These lectures explored both the practice of and theory behind applied regression analysis. As stated by Cook & Weisberg, regression analysis aims “to understand, as far as possible with the available data, how the conditional distribution of the response varies across subpopulations determined by the possible values of the predictor(s).” This includes everything from simple descriptive statistics discussed in our earlier lectures to more sophisticated statistical models for situations in which we have a small number of observations relative to the number of subpopulations. As Berk explains in his constructive critique, the aim of such analyses may vary from providing a compact description of the data, to predicting future outcomes, to explaining associations between outcomes and predictors.

We discussed two case studies: Predicting consumer behavior with Web search and A Large-Scale Study of Browsing Behavior. The first explored the relative value of various data sources for predicting the performance of movies, music, and video games, using simple auto-regressive models to generate future sales predictions from current and past performance. The second study investigated variation in how different demographic groups use the Web, making use of linear models to smooth descriptive statistics over subpopulations and control for covariation between predictors (e.g., education and race).

In the following lecture we reviewed the formalism behind ordinary least squares regression, phrased as maximum likelihood inference under the assumption of additive Gaussian noise. We then derived the closed-form solution to the normal equations for small-scale problems and discussed alternative optimization methods, namely gradient descent and stochastic gradient descent, for larger-scale settings.

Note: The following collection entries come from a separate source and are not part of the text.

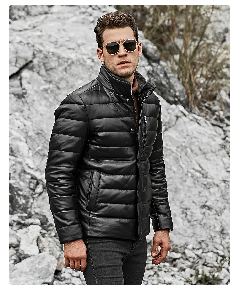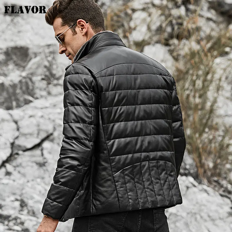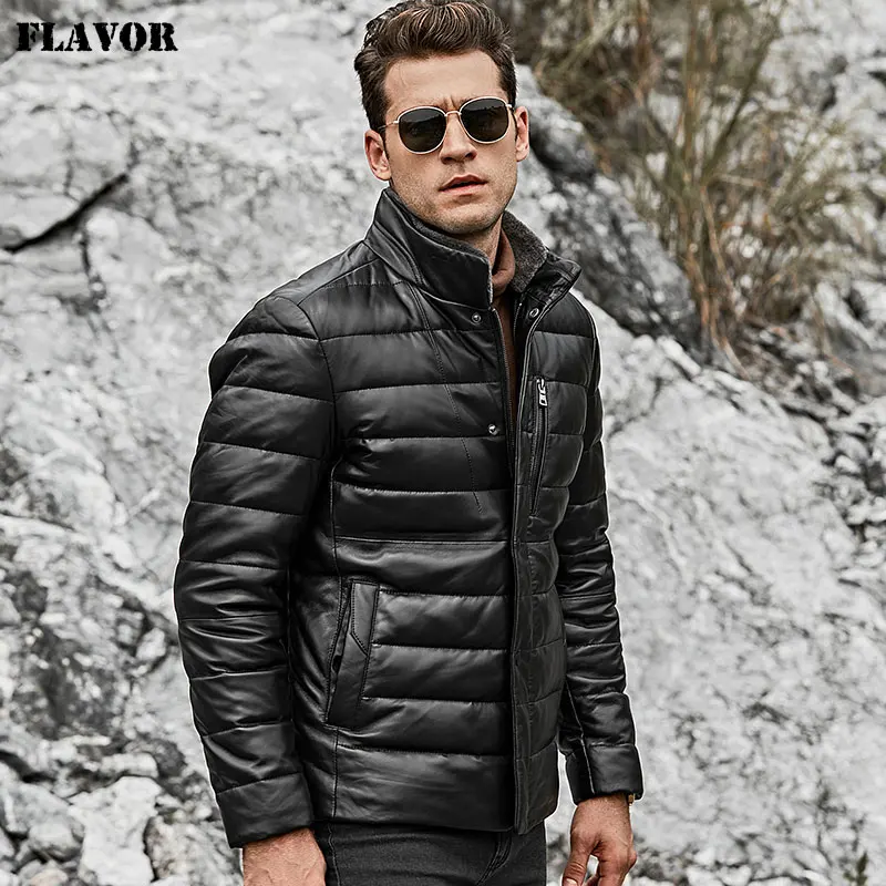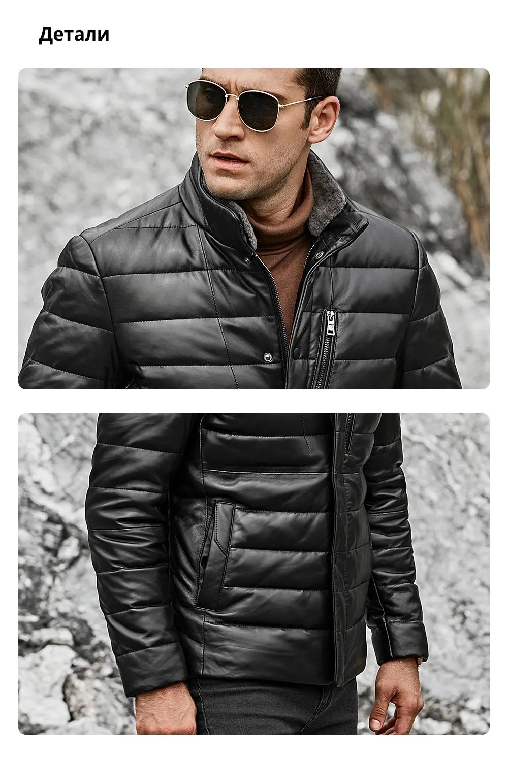 Мужское пальто из натуральной кожи FLAVOR, теплая куртка из натурал...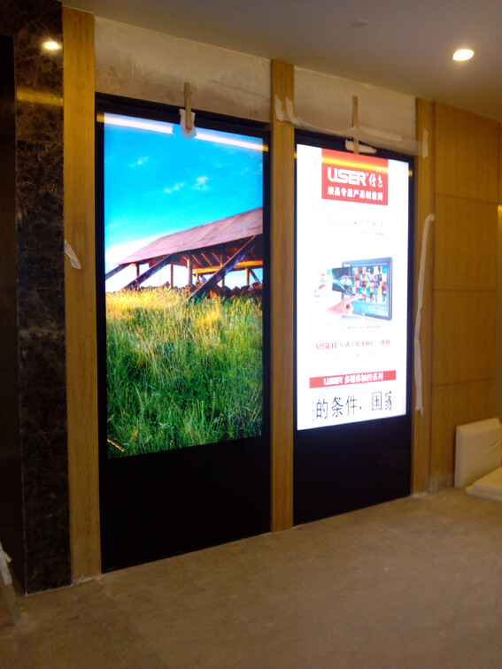 91视频网站立式82寸液晶廣告機應用廈門某集團大廈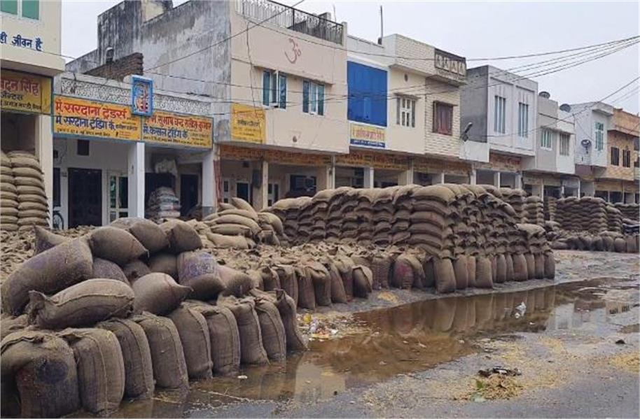 कैथल: बारिश में भीगी गेहूं की बोरियां, किसान ने लगाए आरोप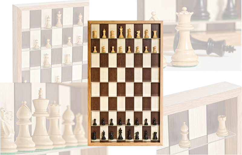 The board, designed and built in collaboration with a master carpenter, features an oak frame, stained ash 8×8 board, and – to support the pieces – transparent acrylic shelves [80cm (H) x 48.1cm (W) x 6.8cm (D)]. It’s designed to be wall-mounted, just like a picture or photograph, with the traditional 8×8 squares becoming portrait-oriented oblong ‘cells’ [9cm (H) x 5.2cm (W) x 6.8cm (D)]. At present, ChessTheGame.co.uk retails this for £235 RRP, including a set of high quality, traditional Staunton style chess pieces. These sets are carved in finest Boxwood & Sheesham (Golden Rosewood), and come with four Queens; all pieces are double-weighted, with green-felt padded bases. These are beautifully crafted chess sets in their own right, and a perfect compliment to the vertical chessboard in which they reside.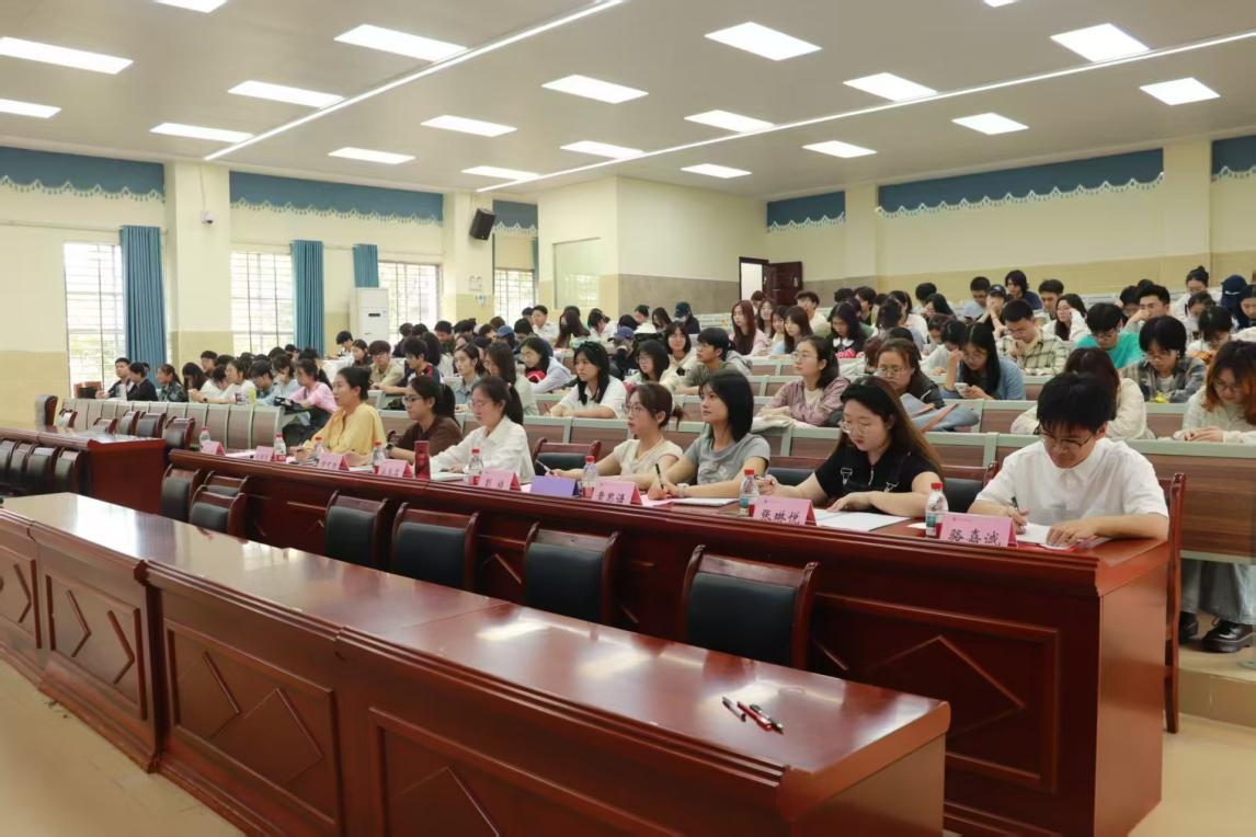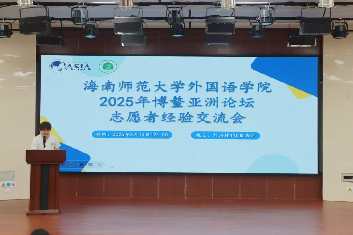 为提高志愿者们的专业技能,确保博鳌亚洲论坛年会的顺利举办。2025年3月14日中午,外国语学院于海南师范大学(桂林洋校区)外语楼110报告厅举行2025年博鳌亚洲论坛志愿者经验交流会。参会的人员有博鳌亚洲论坛2025年年会志愿者工作小组组长外国语学院杨白全副书记、联络员张群燕老师以及外院175名博鳌亚洲论坛2025年年会志愿者(其中20名志愿者因上岗、生病等原因请假)。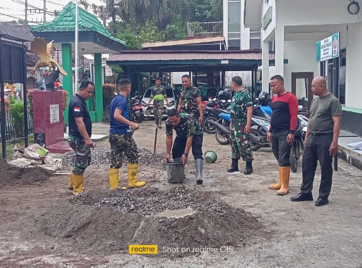 Komandan Koramil (Danramil) 418-01/Makrayu Kapten Inf Edi Gunawan bersama anggota Babinsa melaksanakan kegiatan pengecoran halaman Makoramil sebagai bagian dari upaya pembenahan sarana dan prasarana satuan.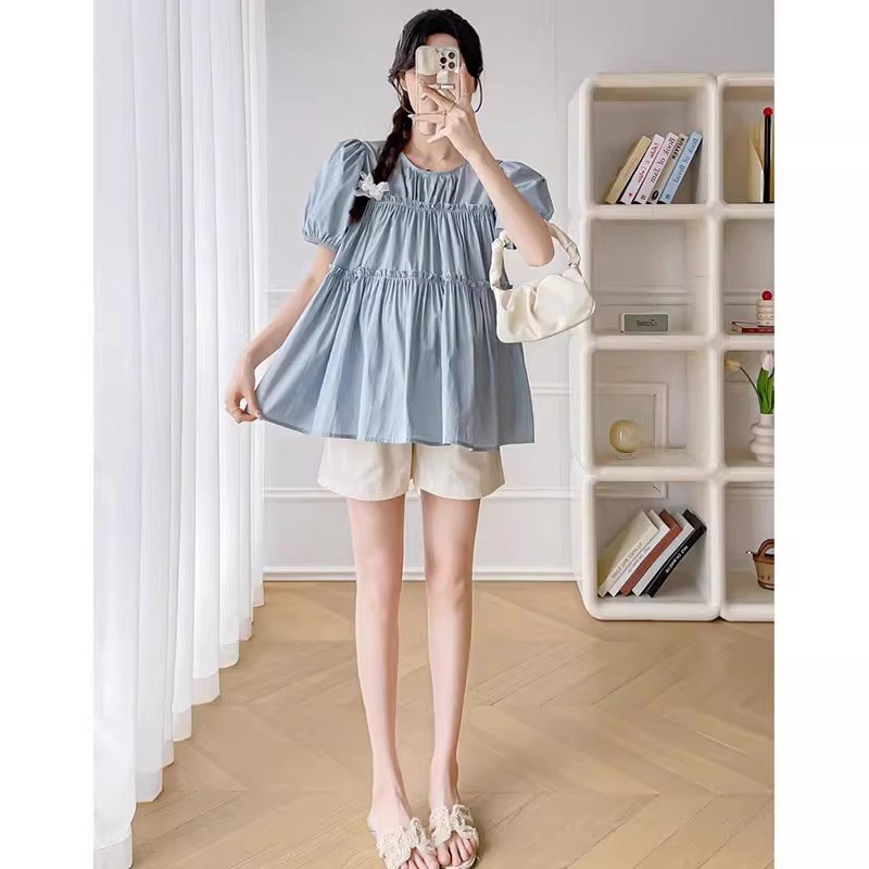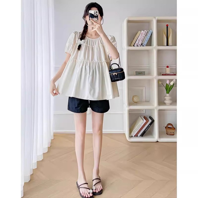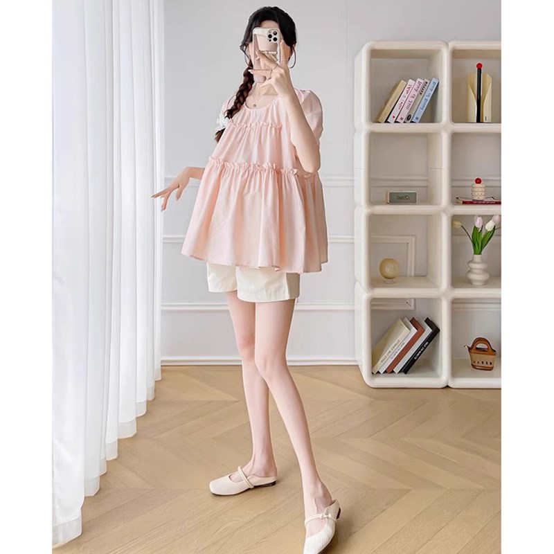 孕妇套装夏季2025新款时尚宽松甜美娃娃衫N薄款短袖上衣短裤两件

Ordinary least squares regression is, in principle, easily solved by inverting the normal equations:

$$ \hat{w} = (X^T X)^{-1} X^T y.$$

In practice, however, it often computationally expensive to do necessary the matrix inversion for models with many features, even with specialized numerical methods.

Gradient descent offers an alternative solution to the normal equations, replacing potentially expensive matrix inversion with an iterative method where we update parameters by moving in the direction of steepest increase of the likelihood landscape:

$$ \hat{w} \leftarrow \hat{w} + \eta X^T (y – X\hat{w}), $$

where eta is a tunable step size. Choosing eta too small leads to slow convergence, whereas too large a step size may result in undesirable oscillations about local optima. Intuitively, gradient descent updates each component of the weight vector by a sum of the corresponding feature values over all examples, where examples are weighted by the error between actual and predicted labels. Stochastic gradient descent provides an even more scalable alternative where an approximation to the gradient from a subsample of the data is used in place of the entire dataset.

See Chapter 3 of Bishop and Chapter 3 of Hastie for reference.